WORK INSTRUCTION: Restate the records in full and exactly, with no images included.

(Stored items from a collection)
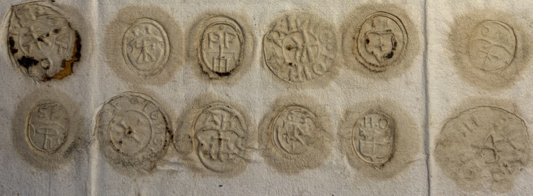 Jeg har fått svar og scan fra Nasjonalarkivet!🙌 Noen som vil forsøke seg på å tyde dette seglet? Det er så vidt jeg kan forstå seglet til Hågen Bø fra 1594. Seglene i nederste rad kan ikke være satt i rett rekkefølge, og det er noen til jeg ikke greier å tyde første initial på, men det kan se ut som om første rad er i rett rekkefølge i forhold til navnene som er listet i dokumentet. I så fall er dette Hågens segl og jeg greier ikke få så mye ut av det. Det er uansett ikke samme segl som i 1610. - Today
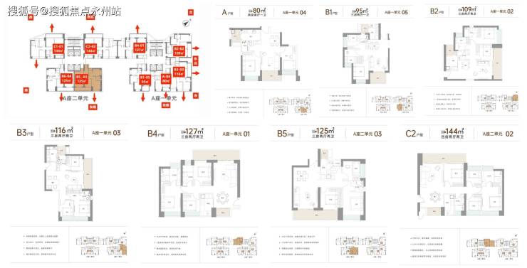 项目主推户型为建面约80-144㎡产品,其中3房为主力户型,有建面约109㎡、116㎡、125㎡、127㎡可选,此外,也有上车小户80㎡2房、95㎡3房1卫单位,及见面约144㎡的改善户型。Vip Tel:400-992-0669 中介勿扰
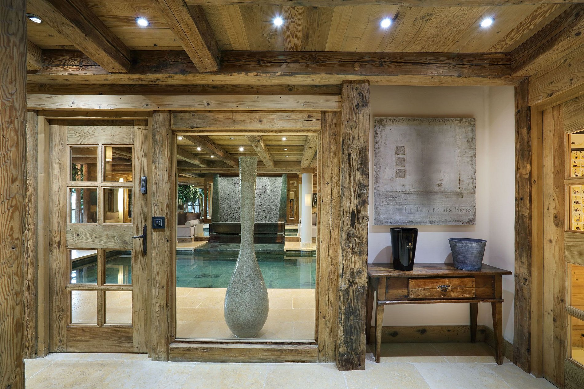 A área de spa privativa do refúgio oferece um mergulho na relaxação e bem-estar. Entregue-se ao encanto da grande piscina aquecida adornada com uma tranquila cascata, ou deixe-se envolver pelo vapor do hammam. Para aqueles que procuram um alívio ativo, a sala de fitness está pronta com equipamentos de ponta. O entretenimento é de suma importância no Chalet Alp002. Cada quarto é um santuário tecnológico com Apple TV e telas LCD, harmonizado com uma atmosfera de perfeição acústica através de um sistema de som BOSE. Além desses retiros pessoais, o chalé abriga uma sala de jogos e um cinema privativo, equipado com um projetor de vídeo de última geração e assentos luxuosos para a noite de cinema definitiva em casa.
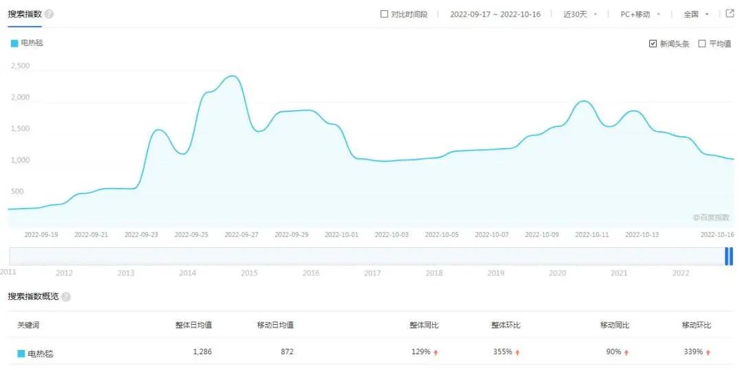 百度搜索指數(shù)顯示,從9月23日秋分節(jié)氣開始,取暖器和電熱毯的搜索數(shù)據(jù)漲幅顯著,如下圖所示,9月17日-10月16日,二者的搜索數(shù)據(jù)在同比和環(huán)比上均大幅增長,而這也與近一個月以來幾輪寒潮的影響有著密切關(guān)系。
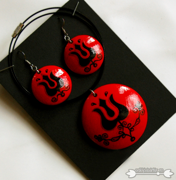 Az ékszerek fa alapra készülnek és vízálló festekekkel vannak megfestve. Fényét a lakkozás adja.

WRITTEN RESPONSE:
 Jeg har fått svar og scan fra Nasjonalarkivet!🙌 Noen som vil forsøke seg på å tyde dette seglet? Det er så vidt jeg kan forstå seglet til Hågen Bø fra 1594. Seglene i nederste rad kan ikke være satt i rett rekkefølge, og det er noen til jeg ikke greier å tyde første initial på, men det kan se ut som om første rad er i rett rekkefølge i forhold til navnene som er listet i dokumentet. I så fall er dette Hågens segl og jeg greier ikke få så mye ut av det. Det er uansett ikke samme segl som i 1610. - Today
 项目主推户型为建面约80-144㎡产品,其中3房为主力户型,有建面约109㎡、116㎡、125㎡、127㎡可选,此外,也有上车小户80㎡2房、95㎡3房1卫单位,及见面约144㎡的改善户型。Vip Tel:400-992-0669 中介勿扰
 A área de spa privativa do refúgio oferece um mergulho na relaxação e bem-estar. Entregue-se ao encanto da grande piscina aquecida adornada com uma tranquila cascata, ou deixe-se envolver pelo vapor do hammam. Para aqueles que procuram um alívio ativo, a sala de fitness está pronta com equipamentos de ponta. O entretenimento é de suma importância no Chalet Alp002. Cada quarto é um santuário tecnológico com Apple TV e telas LCD, harmonizado com uma atmosfera de perfeição acústica através de um sistema de som BOSE. Além desses retiros pessoais, o chalé abriga uma sala de jogos e um cinema privativo, equipado com um projetor de vídeo de última geração e assentos luxuosos para a noite de cinema definitiva em casa.
 百度搜索指數(shù)顯示,從9月23日秋分節(jié)氣開始,取暖器和電熱毯的搜索數(shù)據(jù)漲幅顯著,如下圖所示,9月17日-10月16日,二者的搜索數(shù)據(jù)在同比和環(huán)比上均大幅增長,而這也與近一個月以來幾輪寒潮的影響有著密切關(guān)系。
 Az ékszerek fa alapra készülnek és vízálló festekekkel vannak megfestve. Fényét a lakkozás adja.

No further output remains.